Over the past few years, artificial intelligence has begun to dominate news cycles, and it has captured the attention—and the imagination—of entrepreneurs, investors, and consumers alike. What’s not fascinating about self-driving, on-demand transportation, and robotic assistants in the home?
As much as we talk about AI, many still wrongly compare artificial intelligence to human intelligence, suggesting that human intellect is the AI end goal. But it’s not. In fact, if 10 is the upper limit of intelligence, human intelligence is much closer to one than it is to 10.
Human Intelligence Is a Bar, Not “the” Bar
To many, the goal of AI is to create technology that can think like humans—but it’s oversimplifying to suggest that any human or AI intelligence can be rated on such a simple scale as “better” or “worse.” Some people excel at memorization, logic or emotional IQ, yet others thrive at the visual or auditory. Similarly, a form of AI may have strengths and weaknesses. Furthermore, why have a goal of just matching humans when outdoing them is within reach?
Many of the most promising applications of AI aren’t the ones that seem most like us, but rather, the ones that can do things we never even contemplated.

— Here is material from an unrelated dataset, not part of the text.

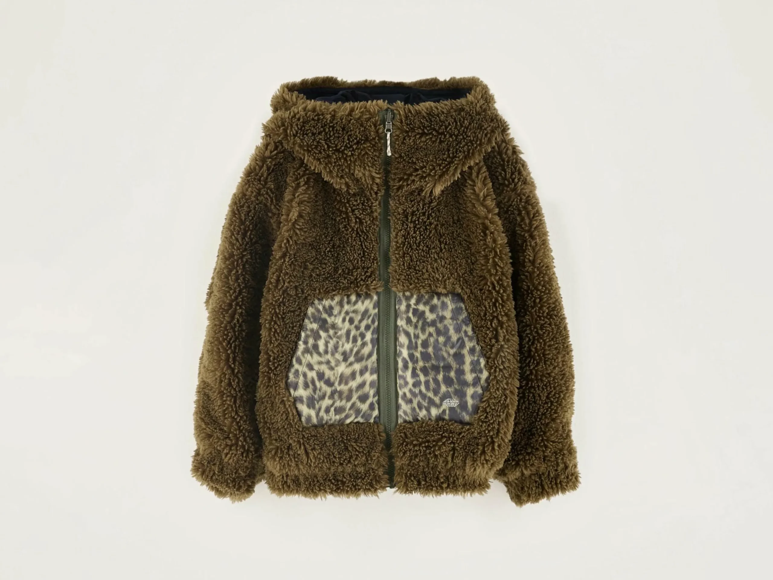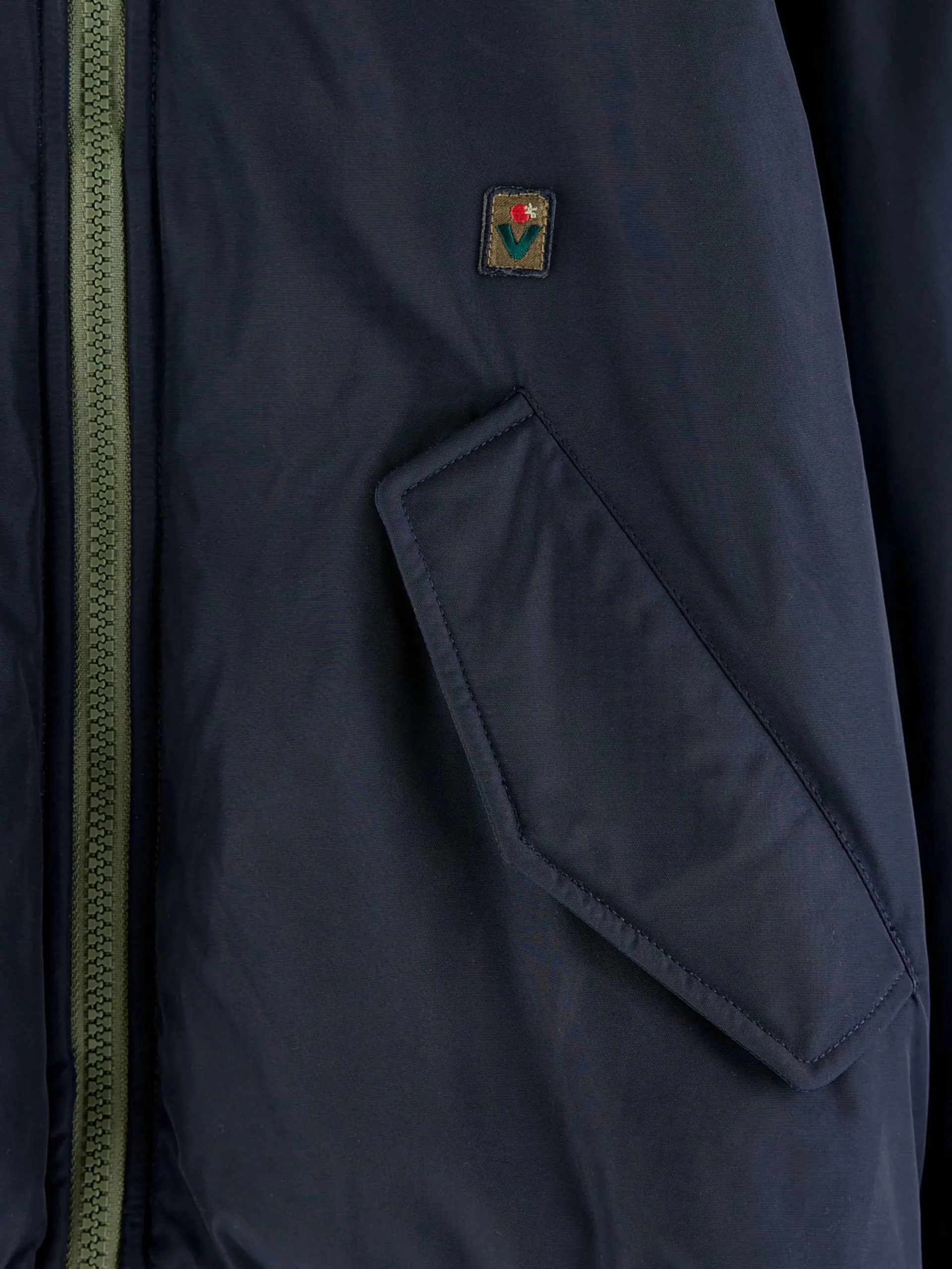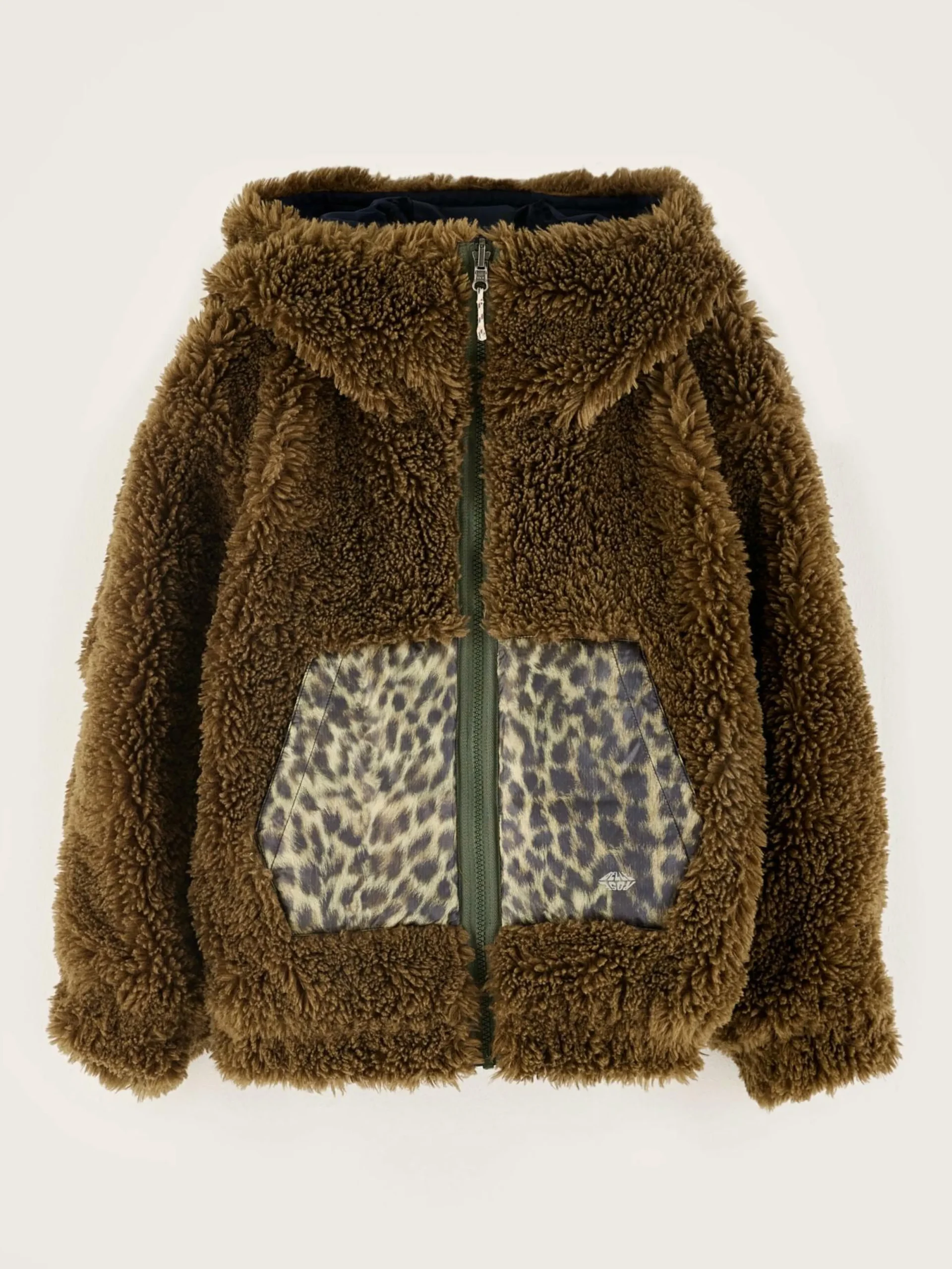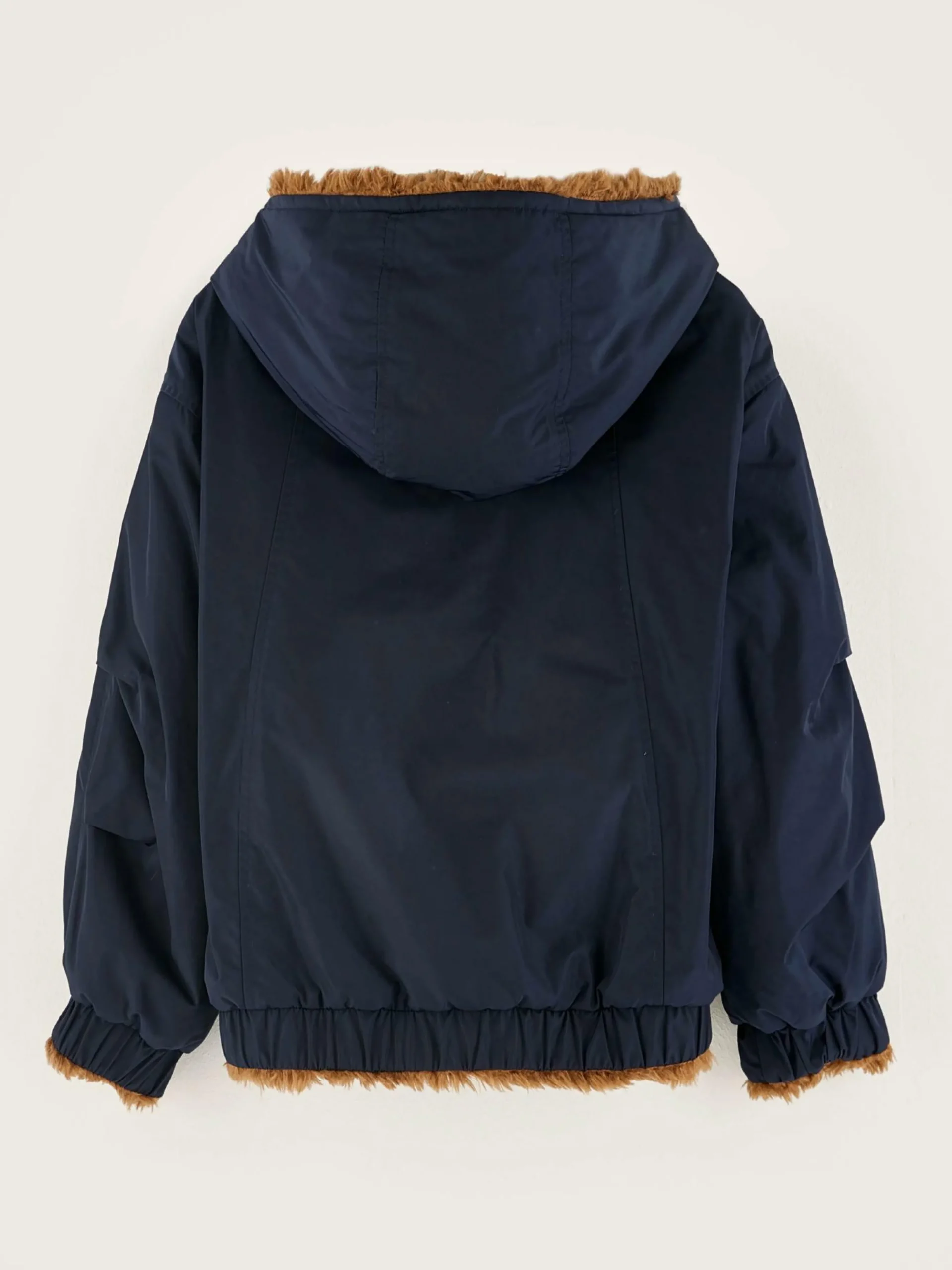Veste réversible style bomber, couleur bleu encre et doublure en fausse fourrure brune.

Think about all the dimensions where AI seems to have already surpassed human intellect. Can anyone you know translate a passage into any one of 300 languages within a fraction of a second, or instantly determine the optimal driving route to avoid all traffic? On many tasks, machines have already learned to outperform us.
What Should We Expect From Artificial Intelligence?
Different types of AI are worth understanding. For instance, artificial general intelligence (AGI) requires no training data beyond direct “human” experience and mimics a human’s ability to observe and interact with the world just as a child would. It is fun to imagine coexisting with machines that are relatively indistinguishable from humans, but it is not a useful benchmark for understanding the trajectory of AI, and how it will impact most products and industries.
Next-level impact during the coming decade will include domain-specific use cases that need reams of data and speedy algorithms. Domain-focused AI will disrupt entire industries and is already transforming advertising. For instance, each time an ad is served and not clicked, it is an extra data point to train the AI for future campaigns—a small opportunity for the system to learn, and more importantly, make new conclusions.
The Symbiotic Relationship Between Data and AI
Nearly every industry—from brick-and-mortar shopping and TV ads to mobile marketing and payments—is moving toward a digital reinvention that requires a massive amount of data, and so on. That’s exactly why I founded Factual—to power digital innovation with the highest-quality location data. And to build an engine for producing such data, we built our own AI, which is in turn fed by even more data from our partners—a terrific feedback loop.
The effectiveness of our proprietary AI can’t be easily compared to a human scale because the capabilities derive meaning from processing trillions of data points. Many of the most promising applications of AI aren’t the ones that seem most like us, but rather, the ones that can do things we never even contemplated.